Only the gems listed in the Gem Specification.

Development

To inspect the Public Suffix List, this handy command can be used (also works in projects that use twingly-url as an dependency).

open $(bundle show public_suffix)/data/list.txt

Tests

Run tests with

bundle exec rake

Profiling

There's some profiling tasks available through Rake

cd profile/
bundle # Install dependencies
bundle exec rake -T # Show available tasks

Note that this isn't a benchmark, we're using ruby-prof and memory_profiler which will slow things down.

Release workflow

  • Update the examples in this README if needed, generate the output with

      ruby examples/url.rb
    
  • Bump the version in lib/twingly/version.rb in a commit, no need to push (the release task does that).

  • Ensure you are signed in to RubyGems.org as twingly with gem signin.

  • Build and publish the gem.
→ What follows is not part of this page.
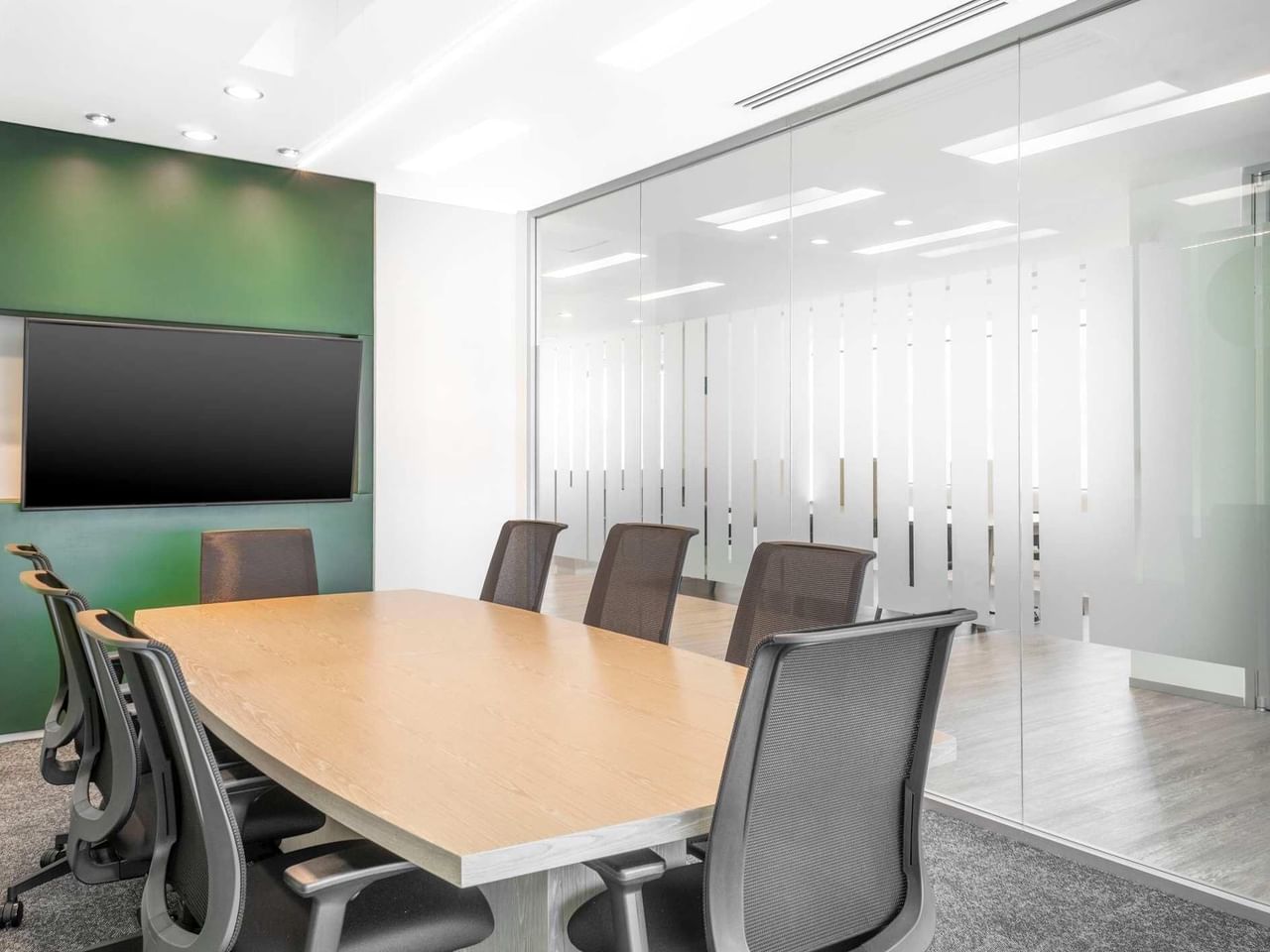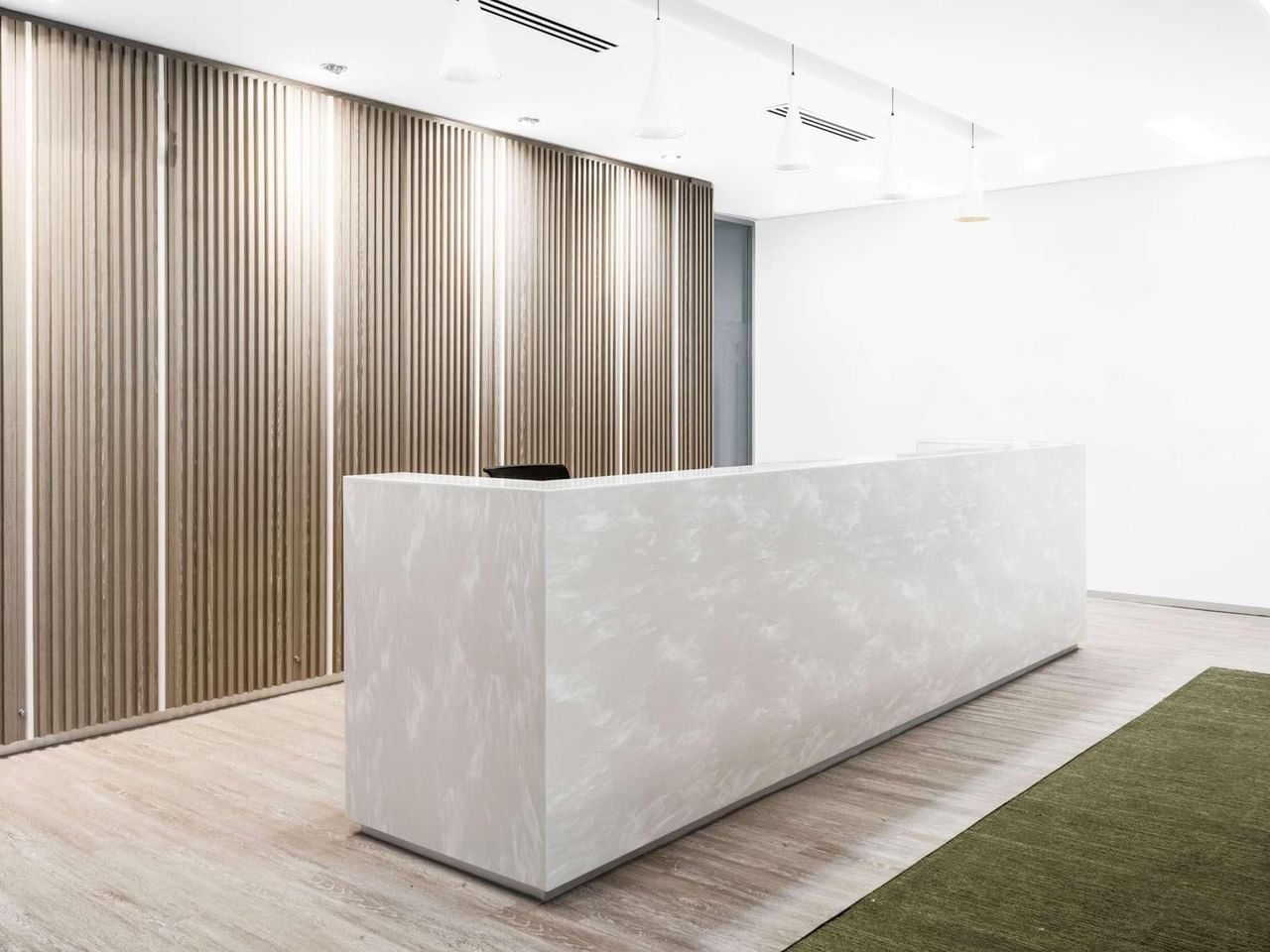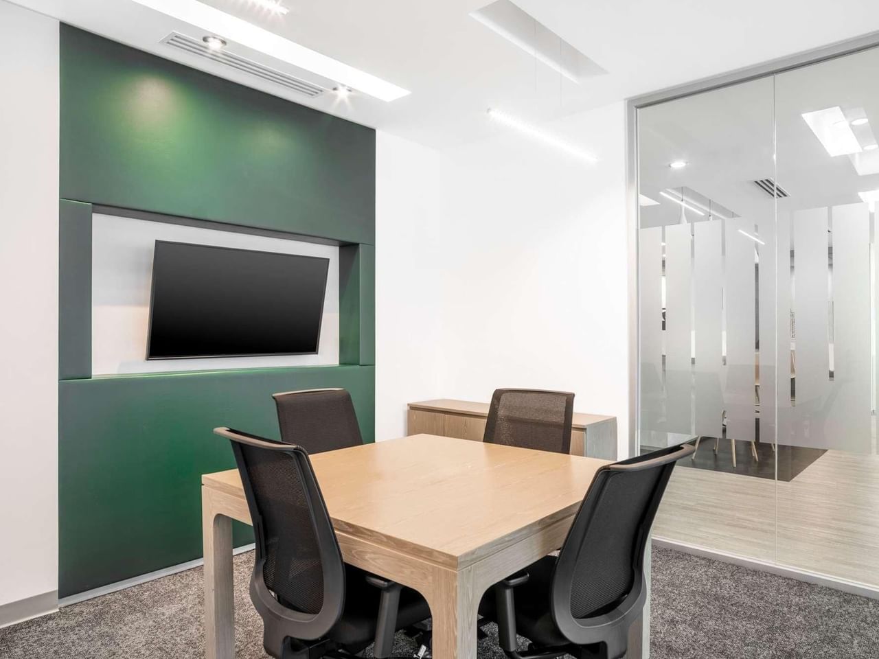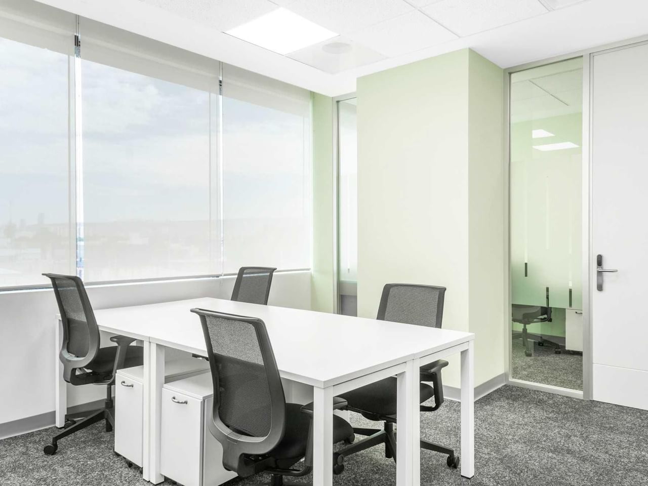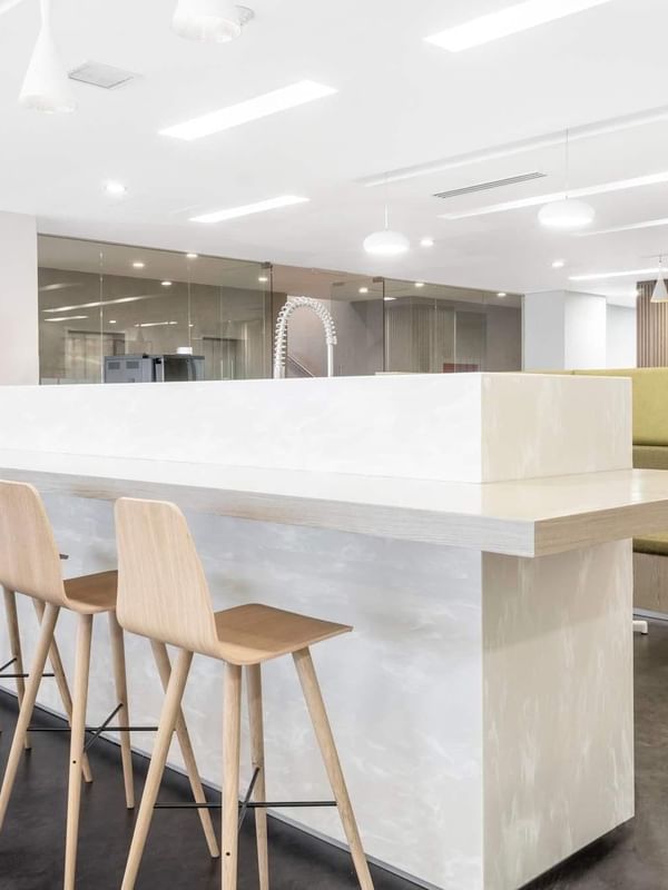 Trabalhe no seu melhor em interiores cheios de luz com toques calmantes de decoração verde e mobiliário elegante.

This will create the proper tag in git, push the commit and tag and upload to RubyGems.

      bundle exec rake release
    
  • Update the changelog with GitHub Changelog Generator (gem install github_changelog_generator if you don't have it, set CHANGELOG_GITHUB_TOKEN to a personal access token to avoid rate limiting by GitHub). This command will update CHANGELOG.md. You need to commit and push manually.

      github_changelog_generator